Enfin, une observation de méthode. Les indices de qualité invertébrés sont construits de telle sorte qu'ils accordent un poids prépondérant à des invertébrés normalement présents sur les milieux d'eau courante des stations dites de référence. Ce sont en particulier certains assemblages d'espèces (plécoptères, trichoptères, ephéméroptères) qui forment la majorité des groupes indicateurs de qualité. Mais une retenue de moulin ou d'étang n'est précisément pas un milieu lotique naturel. Le fond est limoneux, le courant lent, les substrats davantage colmatés. Ce type de milieu héberge lui aussi du vivant, mais il ne sera pas optimal pour les mêmes espèces que la "référence" lotique. Si l'on utilisait d'autres indicateurs (par exemple l'indice oligochètes de bio-indication des sédiments), on n'observerait pas les mêmes résultats, et on ne déduirait pas les mêmes conclusions. Le choix de certains indices sera donc par construction toujours défavorable à l'évaluation biologique d'un milieu lentique de retenue dans une rivière de tête de bassin.
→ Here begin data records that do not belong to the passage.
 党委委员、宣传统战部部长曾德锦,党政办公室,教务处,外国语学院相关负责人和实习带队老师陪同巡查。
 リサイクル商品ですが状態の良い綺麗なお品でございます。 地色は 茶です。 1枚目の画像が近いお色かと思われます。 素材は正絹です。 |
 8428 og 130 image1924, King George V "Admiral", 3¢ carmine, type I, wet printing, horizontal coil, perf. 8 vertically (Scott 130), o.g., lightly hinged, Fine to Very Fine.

Il revient à formaliser de manière savante une tautologie : quand on modifie un milieu, on modifie sa composition biologique. Personne n'en doute, mais il reste à savoir en quoi ces variations représentent un problème écologique sérieux pour la rivière, et au-delà de l'écologie un problème d'intérêt général appelant des investissements assez conséquents d'argent public.
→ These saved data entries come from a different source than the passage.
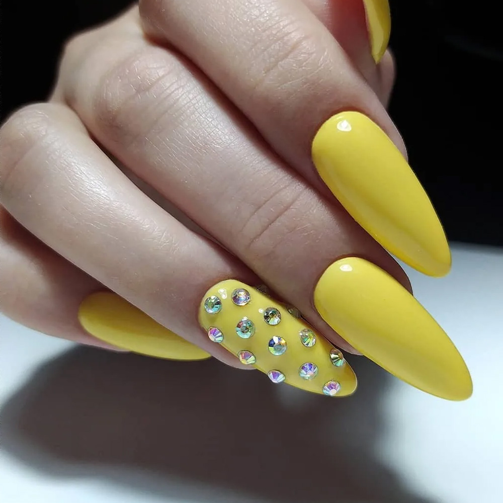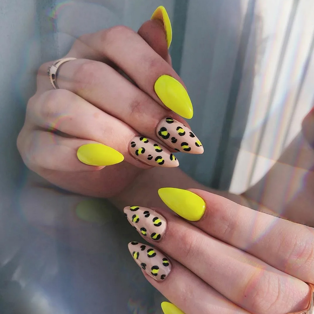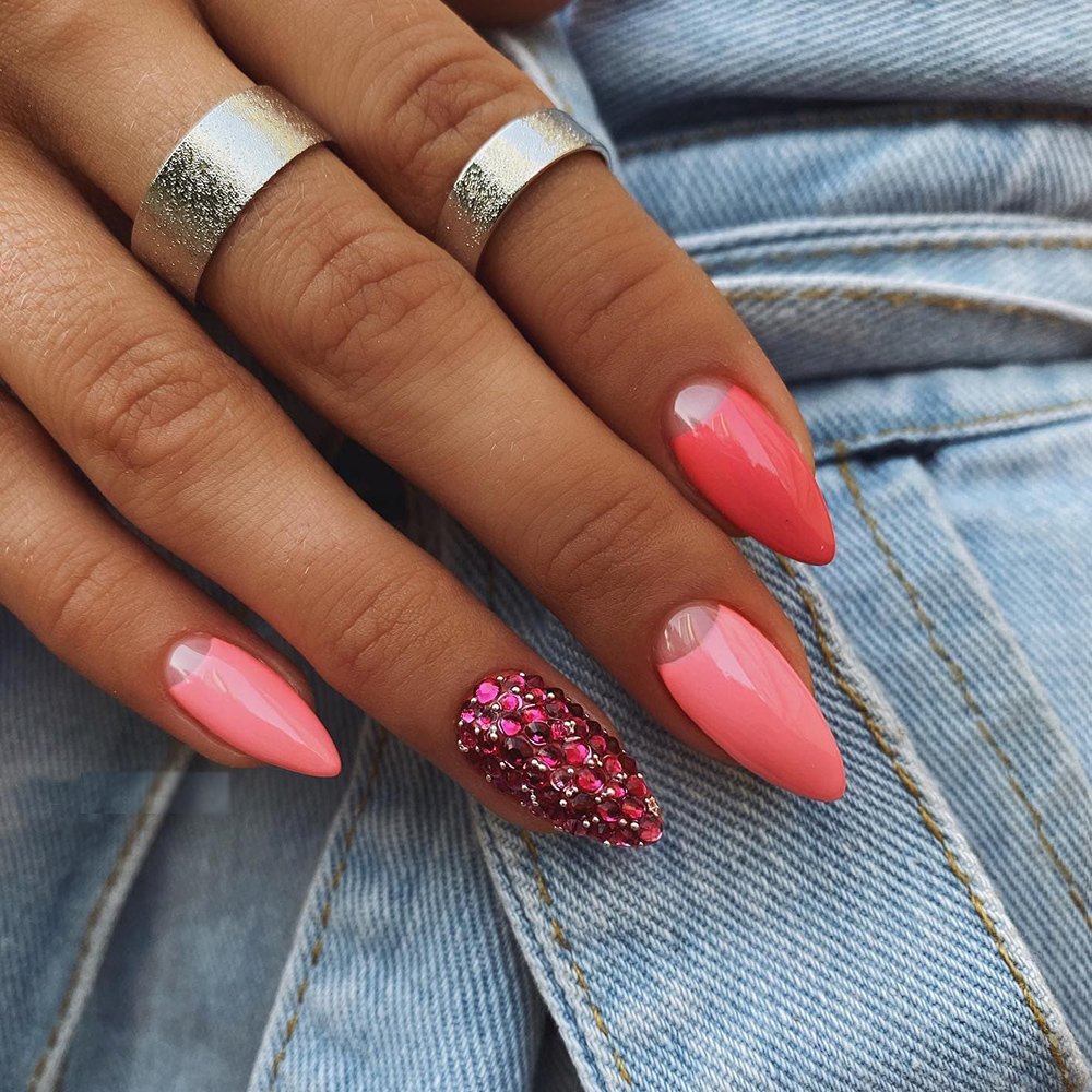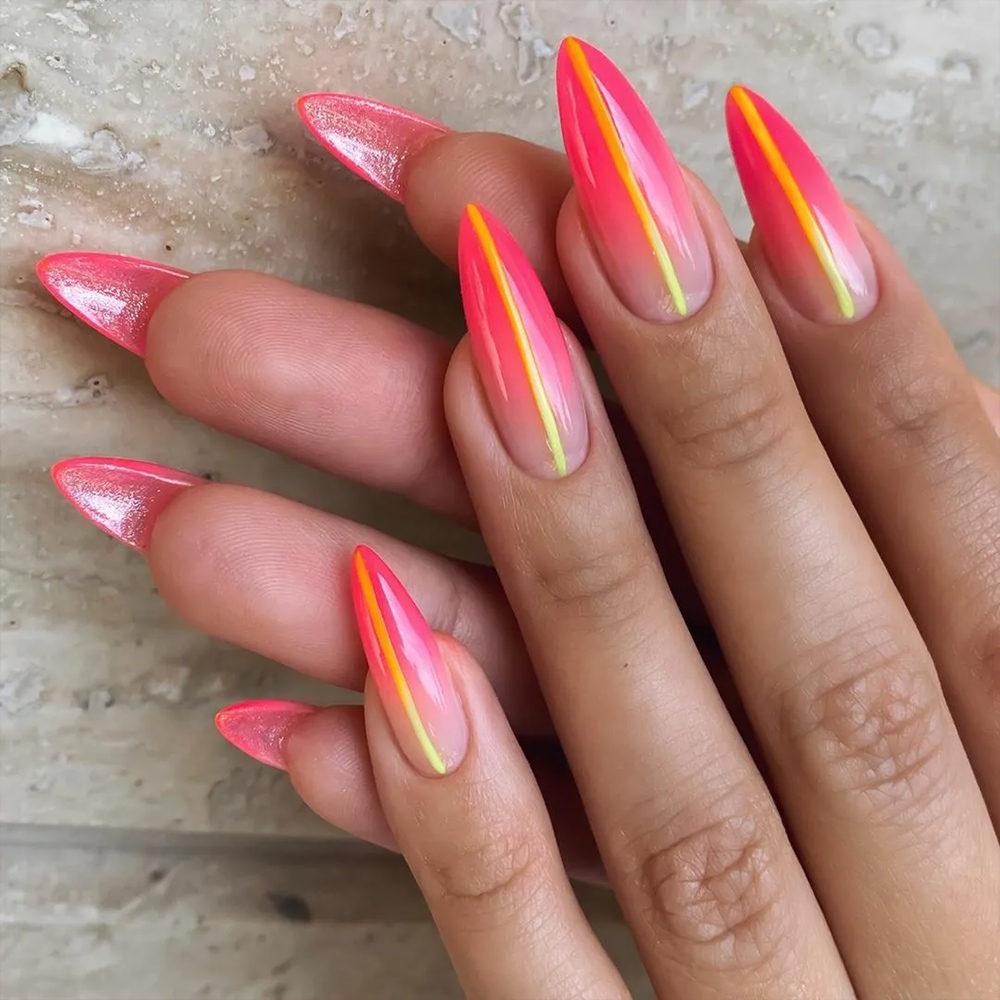 Яркие неоновые длинные ногти — тренд для самых смелых. Они помогут стать королевой вечеринки, быть в центре внимания и точно не остаться незамеченной в любой обстановке. Часто такие лаки светятся в темноте и завораживают ещё больше.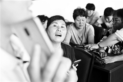 学员年龄普遍偏大,王丹讲解如何使用手机时,要逐步演示
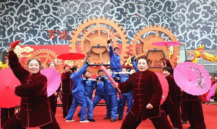 本次展演的最大亮点,在于巧妙融入了区域独特的科技与工业基因。嵩山街街道的演员们身着辖区企业工装,头戴安全帽,将一线生产场景搬上舞台,并与每日每夜企业IP玩偶“雪豹”“小每”及可口可乐“大白熊”趣味互动。北站东路街道则创意推出“东啦啦,福运到万家”方阵,巧妙化用辖区知名企业“货拉拉”之名,以“东啦啦”车队穿梭表演,寓意物流通达、幸福速递。压轴出场的头屯河街道更具气势,以巨型齿轮道具开道,产业工人们手持标志性的大扳手,舞步刚劲有力,将现场气氛推向高潮。

Imaginons qu'une personne vous dise : nous devons avoir la même quantité et qualité d'insectes sur chaque mètre carré de rivière, et pour cela nous allons modifier les propriétés riveraines sur tout le linéaire, donc le profil d'écoulement et le paysage de la vallée. Vous seriez peut-être un peu dubitatif sur la motivation d'un tel projet, sur son coût public et son rapport à l'intérêt des citoyens. Pourtant, c'est un des objectifs que semble se donner le Parc naturel du Morvan dans sa gestion de la rivière Cousin - comme le font au demeurant tous ses autres confrères des établissements de bassin appliquant les directions actuellement choisies à Paris ou Bruxelles dans le domaine de l'hydromorphologie. L'analyse du suivi des invertébrés montre qu'en détruisant des retenues et étangs, on peut gagner des classes de qualité d'insectes sur un plan très local, au regard des bio-indicateurs choisis qui assimilent de toute façon la qualité biologique à la "naturalité" lotique d'un écoulement. Mais dans l'ensemble, la rivière Cousin est déjà en bon état ou en très bon état sur la plupart des sites, même avant travaux, et les gains observés restent, sauf exception, assez négligeables par rapport à la variabilité naturelle du vivant. Continuons donc ce suivi sur les chantiers réalisés, mais stoppons toute destruction nouvelle de site afin d'examiner les résultats à plus long terme et d'engager un débat démocratique sur le rapport coût-bénéfice de ces travaux pour les citoyens comme pour les milieux.

Référence : Suivis scientifiques et bilan des actions de restauration de la continuité écologique sur le Cousin Aval – 2016 – Life+ « Continuité écologique » - LIFE10 NAT/FR/192 – Action n°E3-2016-1-3, rapport, décembre 2016, 168 p.